Pat Nolan

Pat Nolan, who died on August 11th, was a fine actor whose best work will be remembered only by older theatregoers.

Pat Nolan, who died on August 11th, was a fine actor whose best work will be remembered only by older theatregoers.

I first saw him in London with the US bound Edwards/ MacLiammoir Dublin Gate Theatre (Embassy, Swiss Cottage, 1947) and as the eponymous hero in Donagh MacDonagh's Happy As Larry (Criterion), before many performances in Dublin at the Gate, Gaiety and for Austin Clarke's Lyric Theatre (Abbey). He frequently appeared in the Pike Theatre, from our first revue (1953), compering impersonating MacLiammoir, and playing the Drunk in Trio to Milo O'Shea's Anarchist.

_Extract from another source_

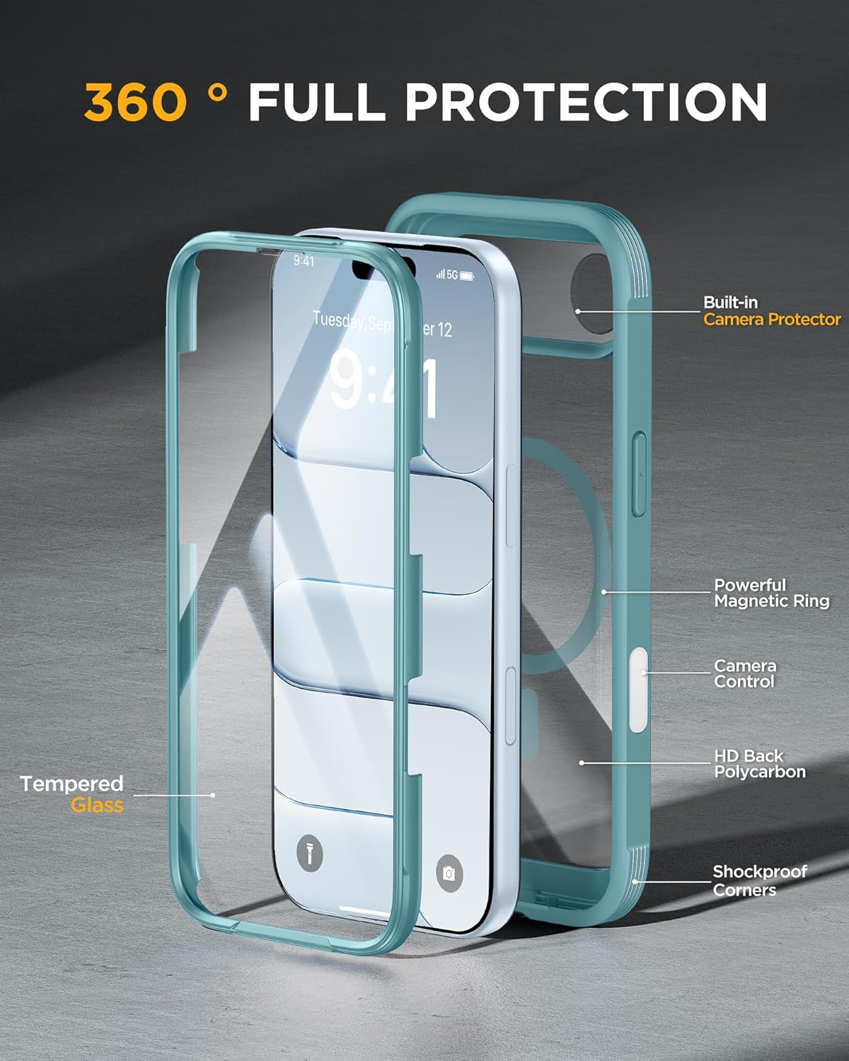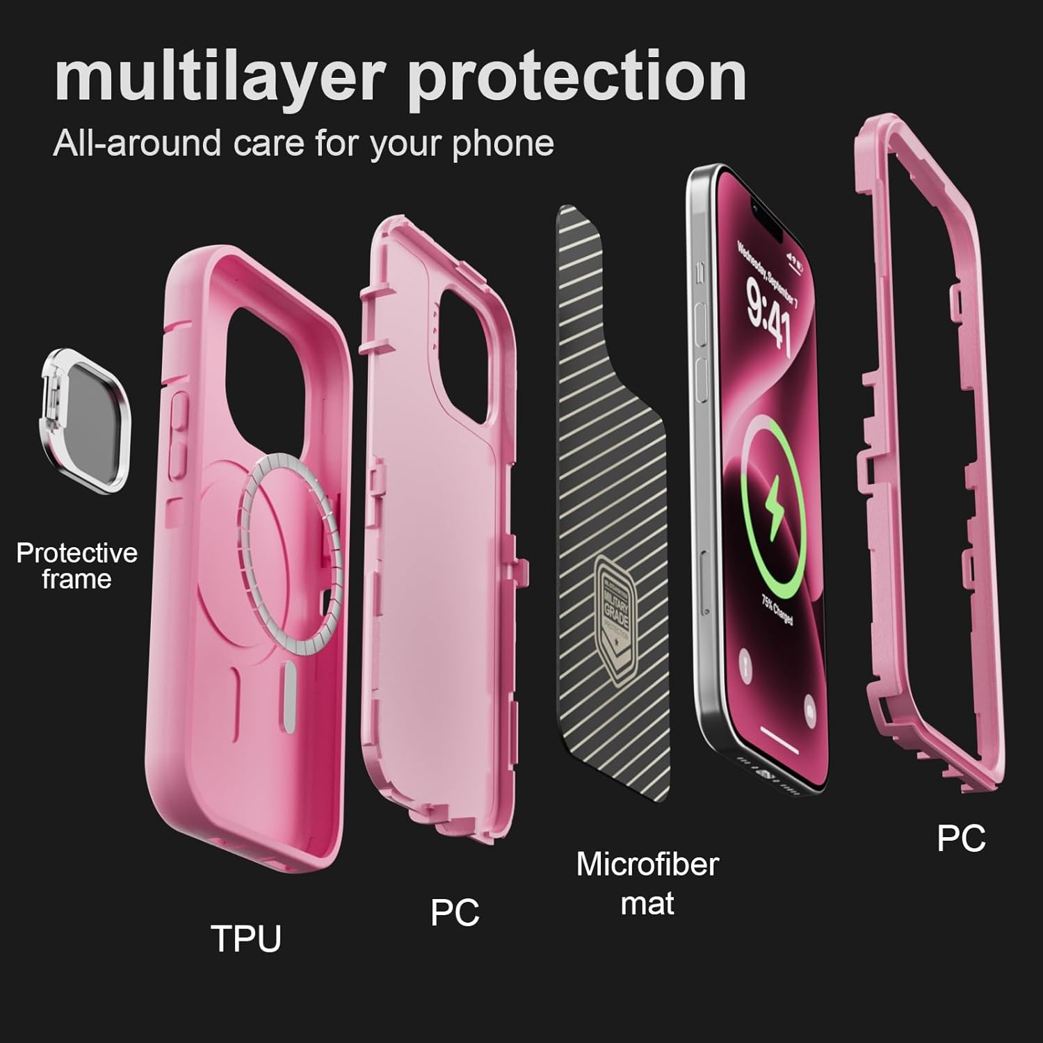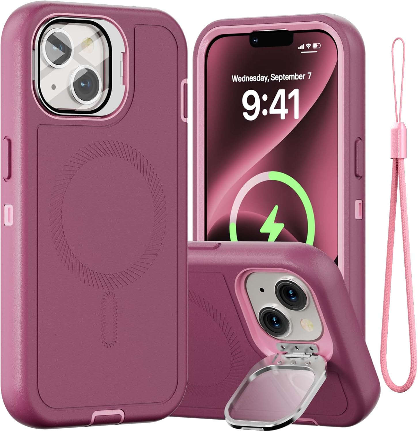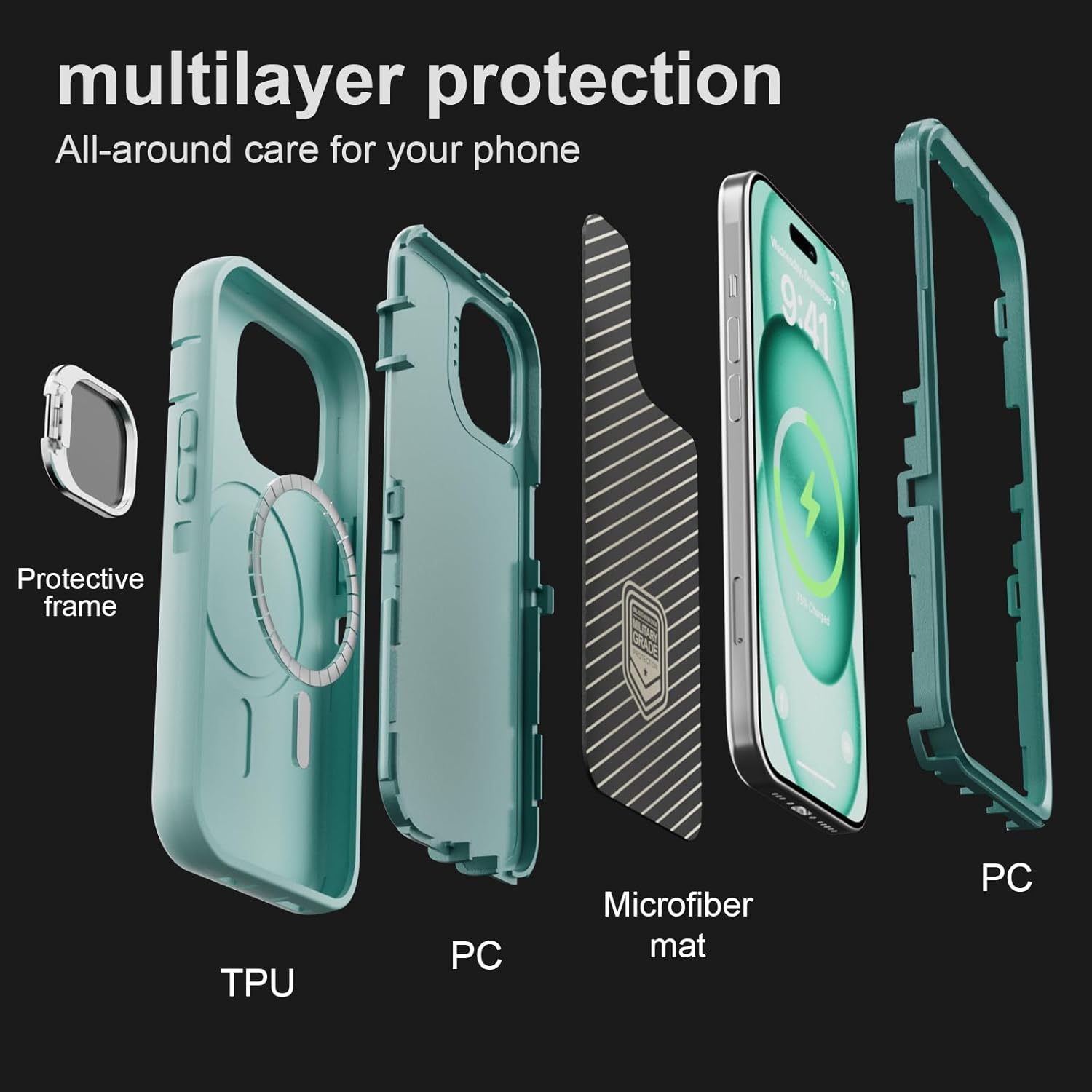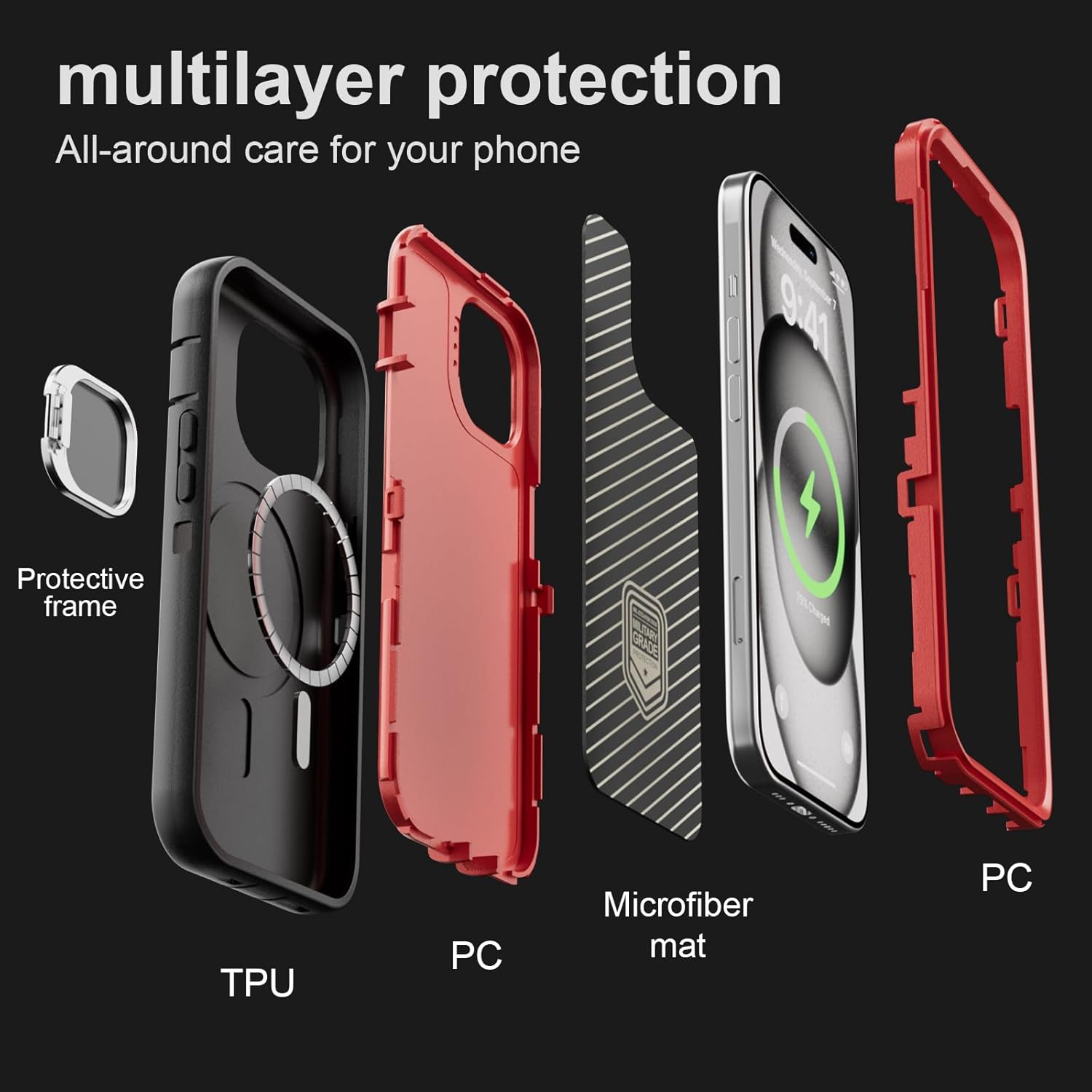 SURITCH 适用于 iPhone 16 Pro 手机壳,带滑动相机盖和可调节支架,兼容 MagSafe,防震防撞保护套,适用于 iPhone 16 Pro 6.3 英寸,黑色

He created the role of Prisoner B. in Brendan Behan's The Quare Fellow (1954), while Harold Hobson (Sunday Times, May 19th 1957), lauding Anna Manahan in Tennessee Williams's The Rose Tattoo, added: ... but I was even more impressed by... Pat Nolan as the truck driver... (who) gives to this hoodlum fortune hunter... a compelling, fundamental tenderness and a soft, surprised music of speech." He was a lovely man, too.